ただ、1月18日に民主党大会が予定をされており、当然、12月13日の会期末をもって民主党の執行部が全員辞任をするという形になるはずですので、それ以降、どういう対応の中で民主党の人事が組閣をされ、そして連合にどのようなアクセスがされるのか、その対応を見た上で私どもとしては組織にいろいろな相談をさせていただきたいと思います。
2003春季生活闘争の闘い方
主題の中では2つ申し上げさせていただきたい。まず1つは、春季生活闘争2003の闘い方の問題です。今、鈴木議長のお話を伺っており、経済情勢、あるいは我々をめぐる環境については全く共通認識だと思います。その中で皆さん方にも何回もご参加をいただきまして、連合としての2003春季生活闘争方針については、最終的に11月の中央委員会で確認をさせていただいたわけです。基本的な考え方は4つあります。

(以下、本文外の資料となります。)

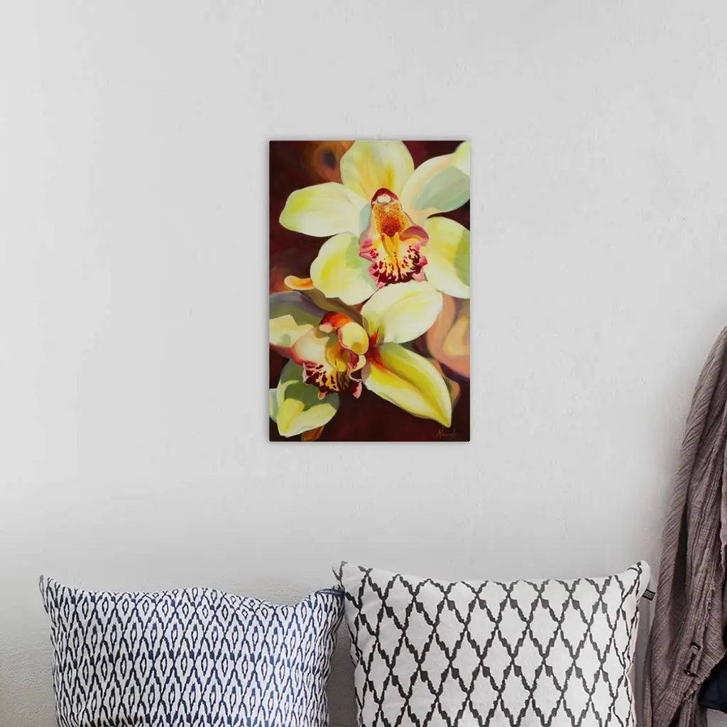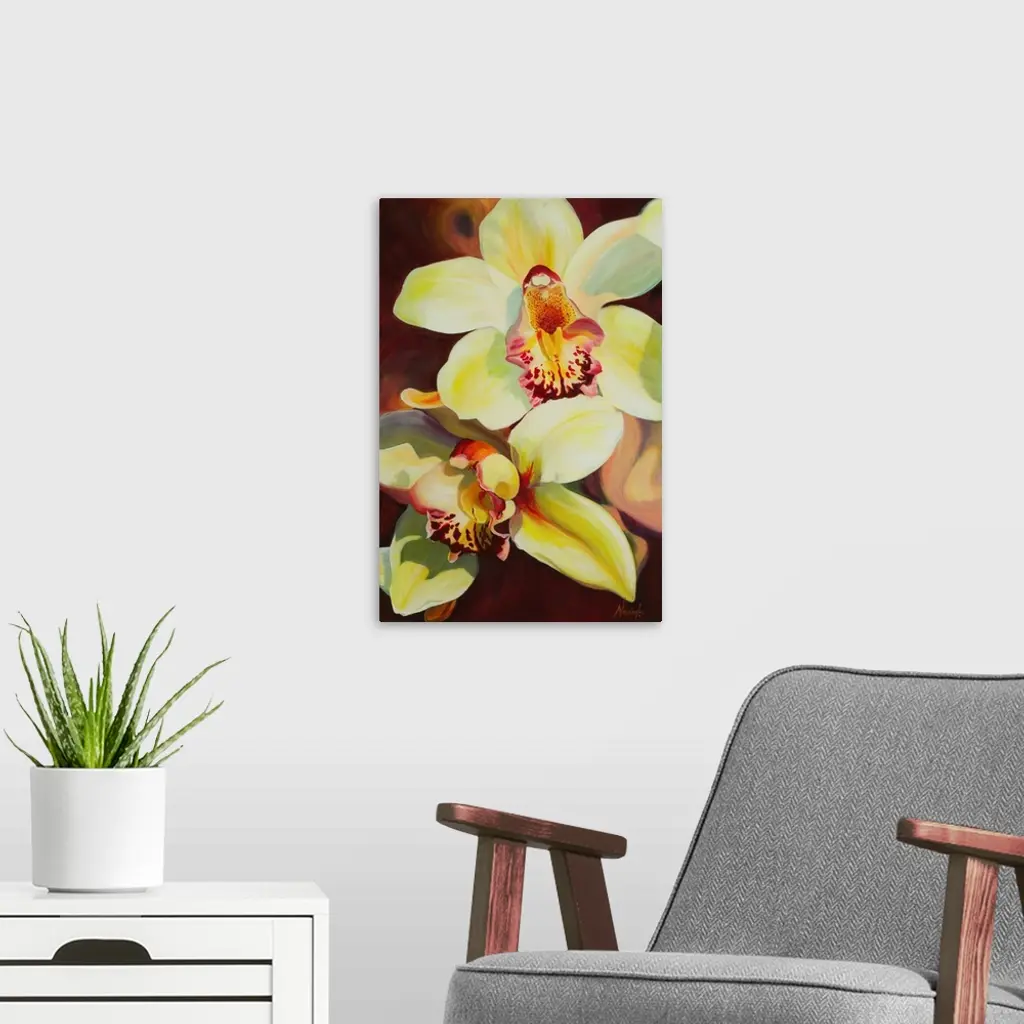 Voracity is a big flower painting of creamy yellow orchids with rich wine burgundy markings sitting on a deep burgundy background.

1つは、全組合が賃金カーブ維持分の確保に努力をしてほしい。これについてはいろいろな状況がありますけれども、経済闘争を連合は放棄をするわけではありませんし、労働条件のアップ、生活向上についての労働組合としての役割をこれまた捨て去るわけにはいかない。そして、全体的な中では、今までの経済との整合性を含めて賃金の占める役割というのは既に四十数年にわたって確認をしてきたわけですから、その中でいろいろな状況の中でプラスアルファという昨年の表記から、今年度はベアという表記すら全く消し去った連合の方針にはなっておりますけれども、少なくとも全体的な賃金の底上げを図るという確認の中で、これはすべての組合が賃金カーブ維持分については全力で確保していただきたい、これがまず1つ目であります。

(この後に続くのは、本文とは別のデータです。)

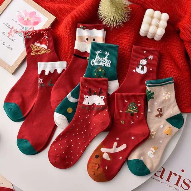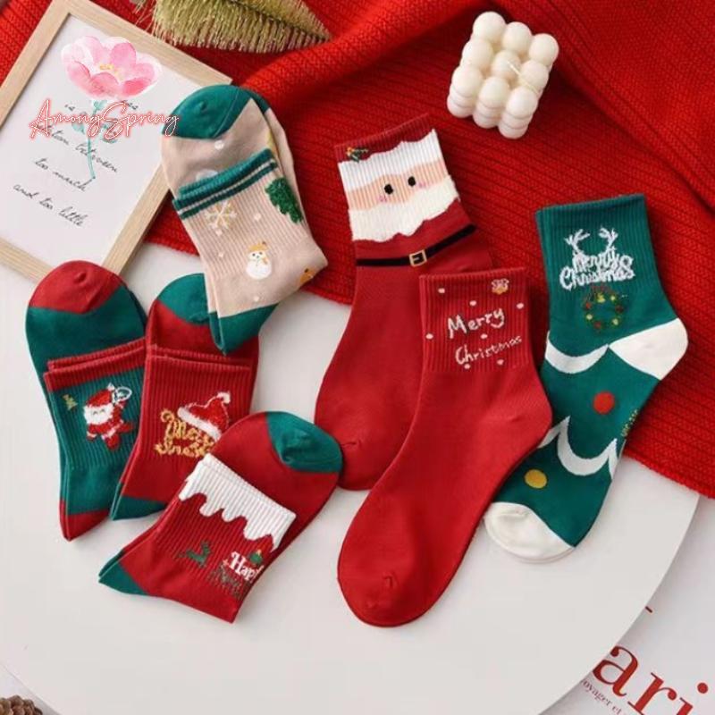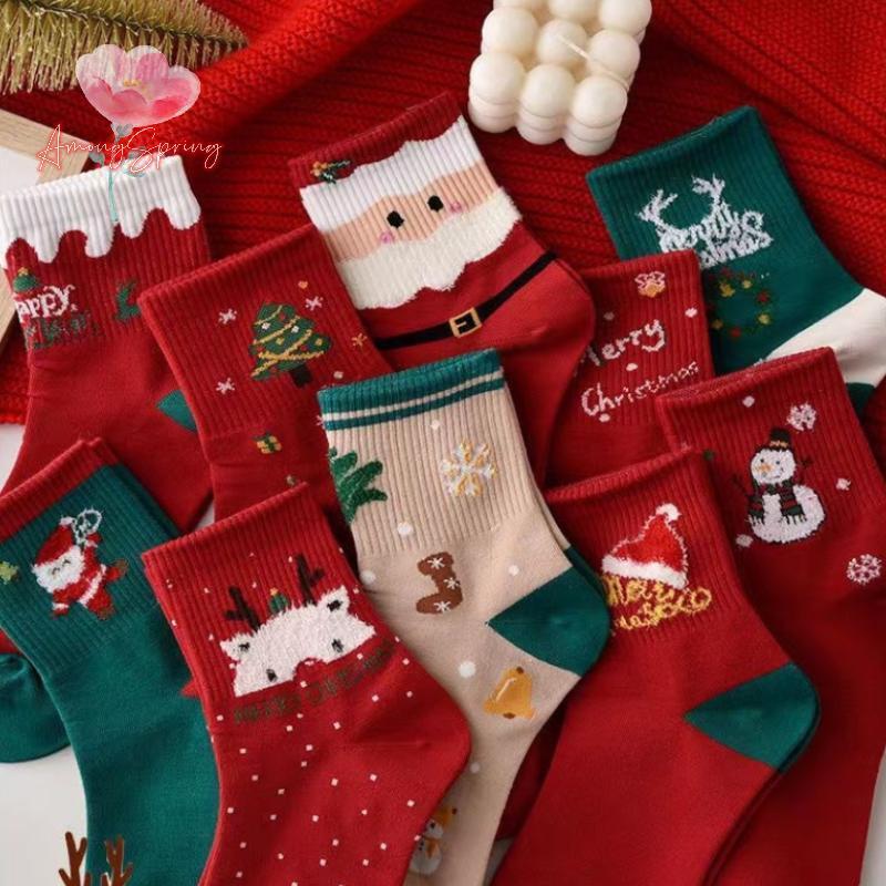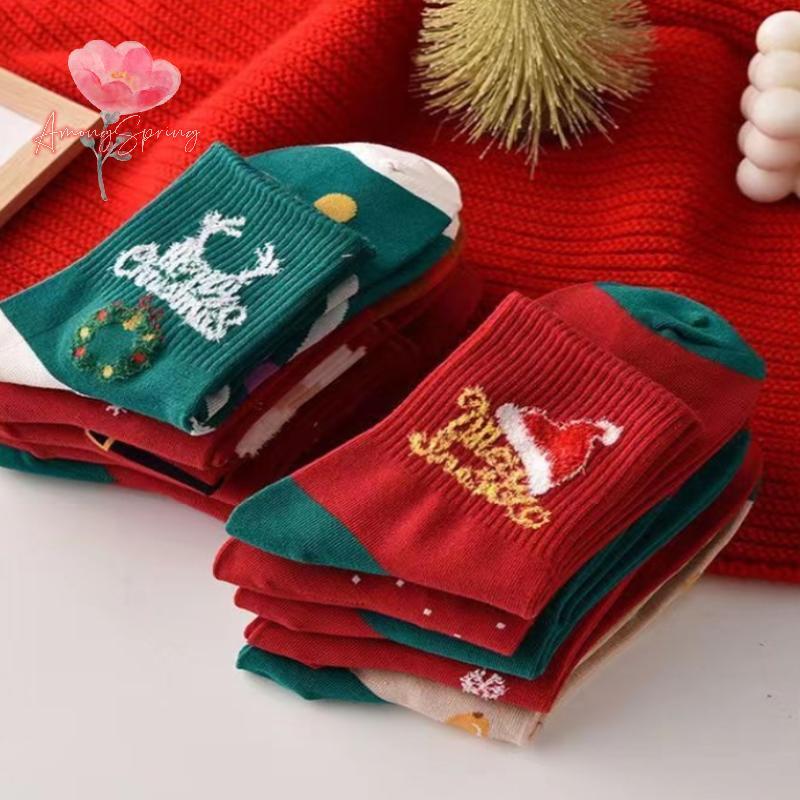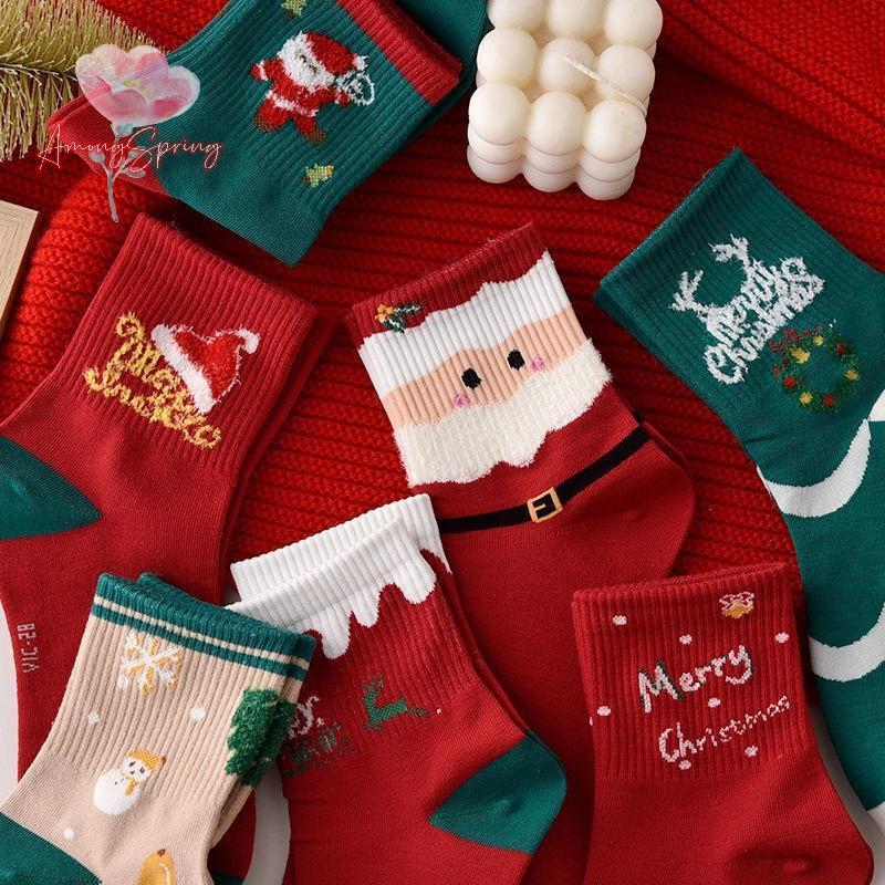 AmongSpring 5-Pair Set of Christmas-Themed Mid-Calf Socks for Women
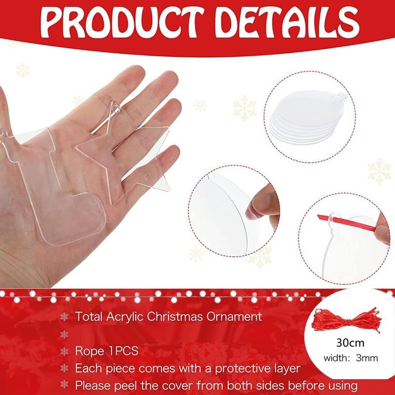 6. Μέγεθος: κουδούνι/δέντρο/στρογγυλό/σπίτι περίπου 7 x 8cm, κουτί δώρου περίπου 6.9 x 8.9cm, χιονάνθρωπος περίπου 6.3 x 8.9cm, καπέλο περίπου 6.9 x 8.4cm, τριγωνικό στρογγυλό περίπου 7.5 x 9.3cm, νιφάδα χιονιού περίπου 8.2 x 8.2cm, πάχος περίπου 0.2cm, μήκος κόκκινης κορδέλας περίπου 30cm x 10 τεμ
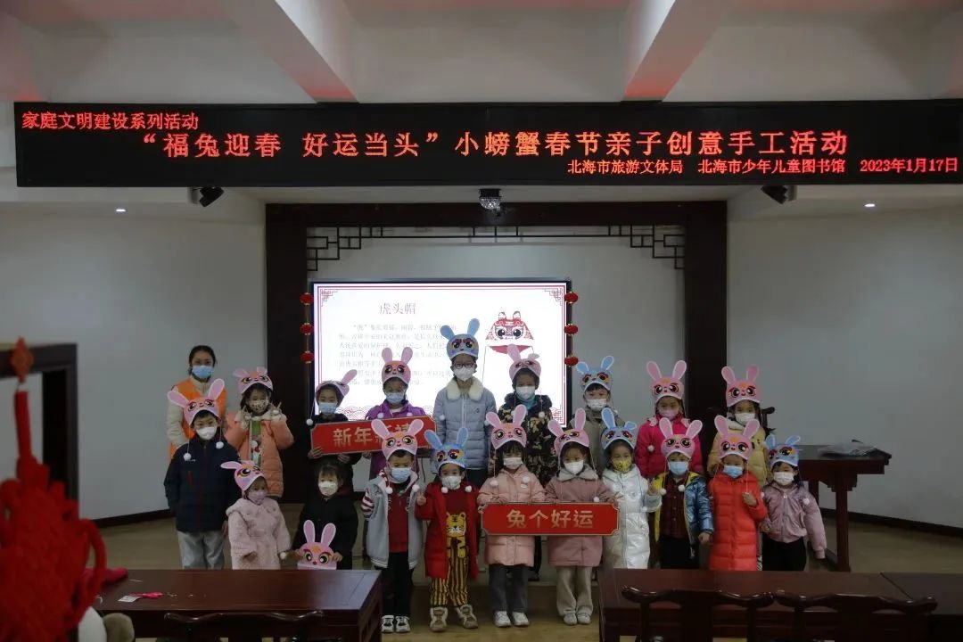 为营造喜庆热烈、文明祥和的春节氛围,传承文明家风,1月17日上午,北海市旅游文体局、北海市少年儿童图书馆以“福兔迎春 好运当头”为主题,在市少儿图书馆国学馆开展春节家庭文明建设创意手工活动。活动现场,馆员介绍了虎头帽在中华文化中的意蕴,让家长和孩子们了解到虎头帽的艺术特色和蕴含的文化内涵。随后,亲子家庭通过剪、贴等方式对虎头帽进行设计与装饰。

そして、その上でベアをとりにいくところ、これは先ほどの鈴木議長のお話にもありましたが、企業業績、そして状況の許すところについては敢然とベースアップに挑戦をしていただきたい。そして、その上でベアを闘い抜くという組織については、これは全体の支援の中で共通理解を超えて孤立をさせないという闘いについてもぜひ配慮をしていただければと思います。

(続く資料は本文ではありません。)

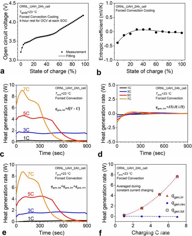 下圖為充電時(shí)產(chǎn)熱估算的結(jié)果,包括通過對(duì)照組電池測量的SOC-OCV曲線,對(duì)照組電池不同SOC下的熵變系數(shù),實(shí)驗(yàn)電池的不可逆產(chǎn)熱、可逆產(chǎn)熱、總產(chǎn)熱和平均產(chǎn)熱。同一SOC下電池開路電壓隨溫度的變化很小(熵變系數(shù)很小),在-0.39mV/K至0.09mV/K之間,因此使用室溫下的開路電壓來估算不可逆產(chǎn)熱,所帶來的的誤差可以忽略不計(jì)。1C充電時(shí),不可逆產(chǎn)熱小于0.3W,而7C和5C充電時(shí)的不可逆產(chǎn)熱卻急劇增加至9.1W和4.6W。達(dá)到最大值后,不可逆產(chǎn)熱速率開始降低,歸因于電池內(nèi)阻隨著溫度增加而降低。當(dāng)電池電壓達(dá)到上限值時(shí),電流開始快速降低,此時(shí)不可逆產(chǎn)熱速率也相應(yīng)降低。在充電開始時(shí),可逆產(chǎn)熱為負(fù)值,然后逐漸增加至正值。在5C或7C充電時(shí),可逆產(chǎn)熱速率的幅度遠(yuǎn)小于不可逆產(chǎn)熱速率,但是在充電開始時(shí),可逆產(chǎn)熱速率會(huì)對(duì)總產(chǎn)熱速率產(chǎn)生明顯影響。從平均不可逆、可逆和總產(chǎn)熱速率的曲線可知,7C充電的平均總產(chǎn)熱速率是1C充電的34倍之多。
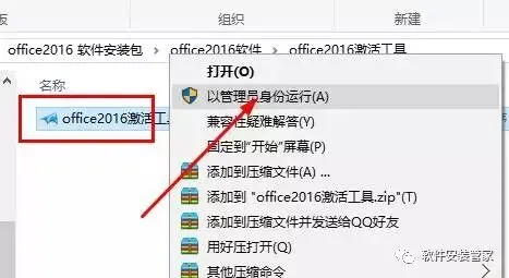 7、点击安装包里的office2016激活工具文件夹,鼠标右击office2016激活工具,选择以管理员的身份运行
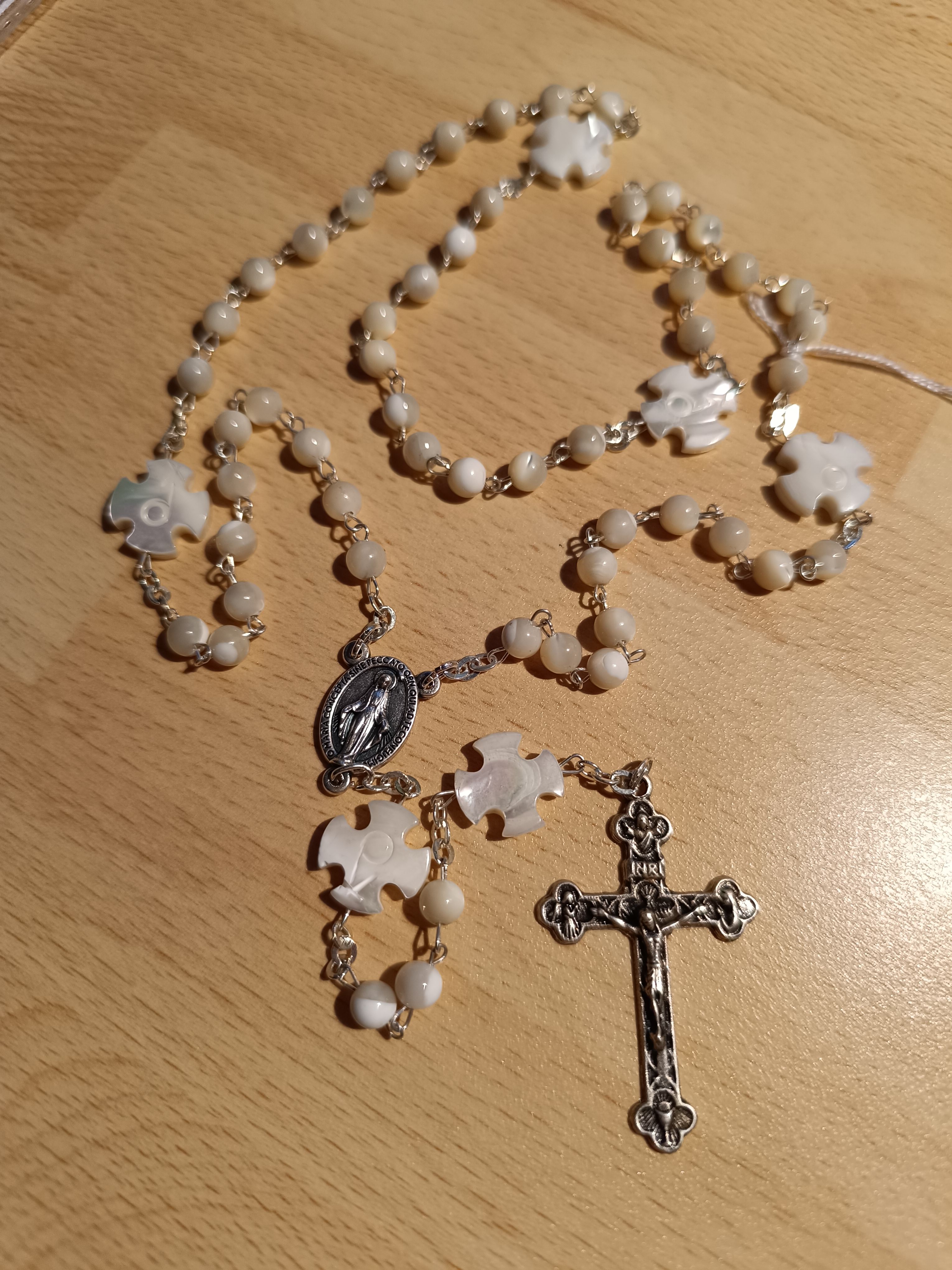 Chapelet métal avec grains de 5mm en nacre avec Pater en forme de croix en nacre. Coeur avec médaille de la Vierge miraculeuse et Croix avec Christ en métal argenté. Lg 33+17 cm Quantité : 1 |

2つ目は、雇用労働者全体に対して連合はメッセージを発信するということを去年の運動方針の中で確認をさせていただきました。その上で今年の2002春季生活闘争の中では、パート労働者の賃金の部分について初めて言及をし、取り組みをさせていただいた。2003年度の場合には、これをもう一つ進めてパートをはじめとする非典型労働者の労働条件について、協約も含めて勝ち取るという我々の運動方針も確立させていただいたわけです。これについては、いかにパートや非典型の人たちに対する取り組みに焦点を当てて、我々の条件と同等の取り組みの姿勢と、そしてそれを経営側に認めさせるという交渉展開をお願い申し上げておきたい。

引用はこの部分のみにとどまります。